Stereodivergent Pd-catalyzed cross-coupling reactions using enantioenriched alkylboron nucleophiles. % es = % ee (final product) / % ee (starting material). † 44% yield, 84% ee (86% es) when run at 60 °C.

To further probe the origin of the ligand-dependent enantiodivergent process, we interrogated the mechanism of transmetallation using the parameterization strategy described above (Figure 4). To accomplish this, phenyl-substituted substrate 20 was selected due to enhanced performance and thus a greater output range. Additionally, 24 ligands were tested, excluding smaller ligands to reduce the complexity associated with β-hydride elimination.

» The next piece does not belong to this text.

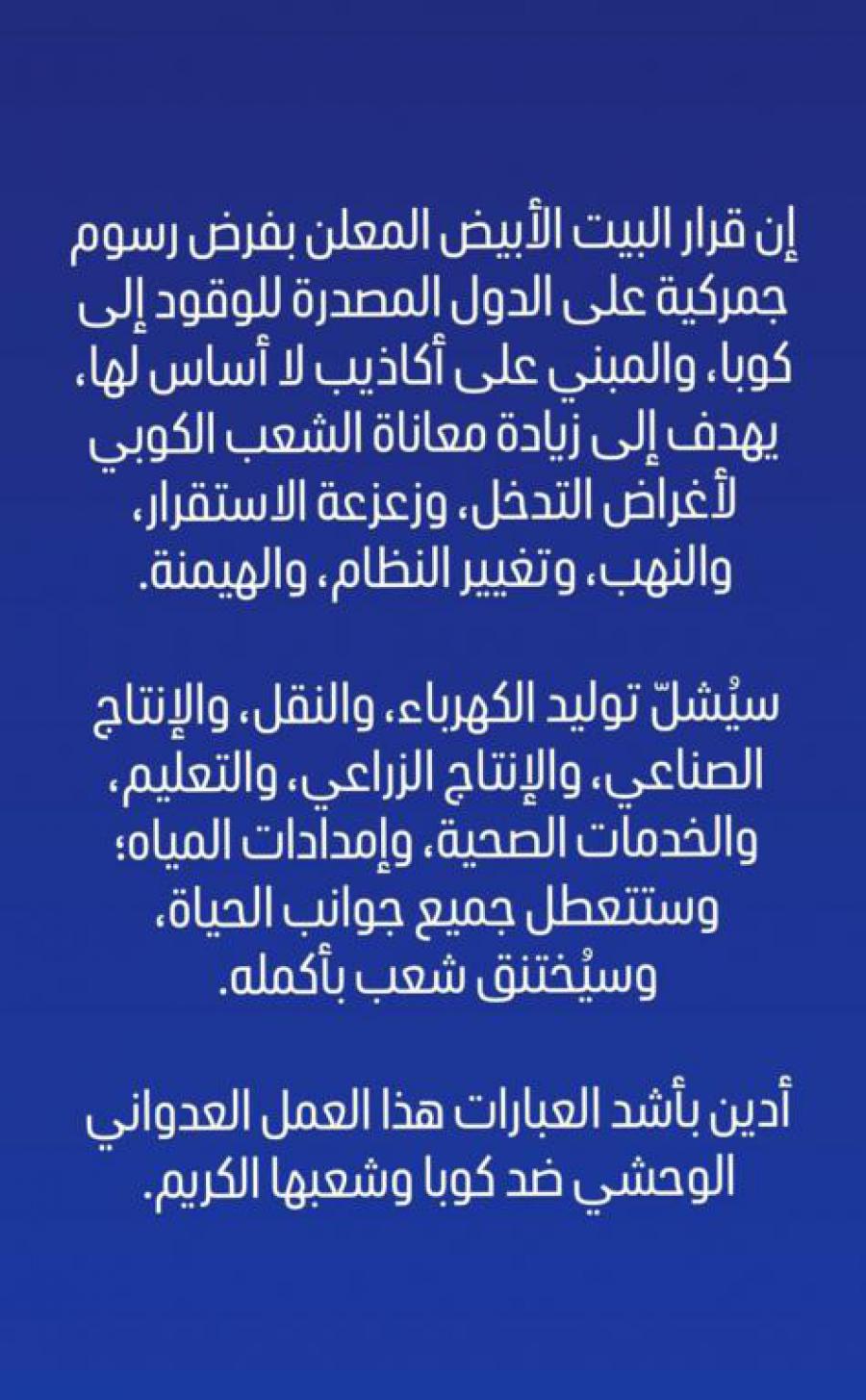 En el marco del intenso esfuerzo de recuperación que de inmediato se inició en Cuba a raíz del paso del huracán Melissa por el territorio nacional el 29 de octubre de 2025, y de la asistencia solidaria que también llegó desde el primer momento, el gobierno de EE.UU. proclamó la intención de enviar ayuda humanitaria.

Multivariate linear regression revealed that most of the outputs can be expressed in two readily interpretable terms that discriminate the transmetallation pathways: the average energy of the P−C antibonding orbitals E_σ*(P−C), representative of π-back bonding, and the energy of the lone pair orbital of phosphorus ELP(P), a measure of the ligand’s σ-donation capability (Figure 4B). This outcome suggests that the stereoinvertive pathway is dependent on strong σ-donation from the ligand, which may stabilize a two-coordinate, cationic palladium complex. Conversely, the stereoretentive pathway is enhanced by π-back bonding, which may stabilize the coordination of a π-donor ligand X (presumably OH⁻) to Pd. Including two steric descriptors such as B₁ and L improves the model fit by treating the competitive β-hydride elimination that occurs using smaller ligands and decreases the observed specificity. This becomes evident when the four smallest ligands in this dataset are removed from the analysis, which results in an excellent correlation using just the two electronic descriptors with the experimentally observed stereochemical outcomes (Figure 4D). Multivariate regression analysis thereby provides compelling evidence for the electronic factors favoring each transmetallation mechanism and thus a guideline for future developments in stereospecific cross-coupling reactions.

Figure 4.

Mechanistic investigation by multidimensional regression modeling. A) Data from the arylation of 20 was used. [PdL] is the precatalyst as shown in Figure 3 with varying ligands. B) Regression model containing all 24 ligands of this data set. E_{σ*(P−C)avg} ^Boltz: Boltzmann-weighted average across the conformers of the average energies of the three P−C σ* antibonding orbitals in each phosphine. E_LP(P) ^Boltz: Boltzmann-weighted average of the energy of the phosphorus lone pair orbital. Sterimol B₁ ^Boltz is the least width and Sterimol L^minconf is the length of the lowest-energy conformer as seen from opposite the P substituents. Red points in the diagram: validation data (EV) not used in the model training. LOO = leave-one-out cross validation score. K-fold: average leave-three-out cross-validation score. C) Illustration and interpretation of the model terms. D) Regression model after removing the four smallest ligands in this data set to exclude the influence of competitive β-hydride elimination on the data.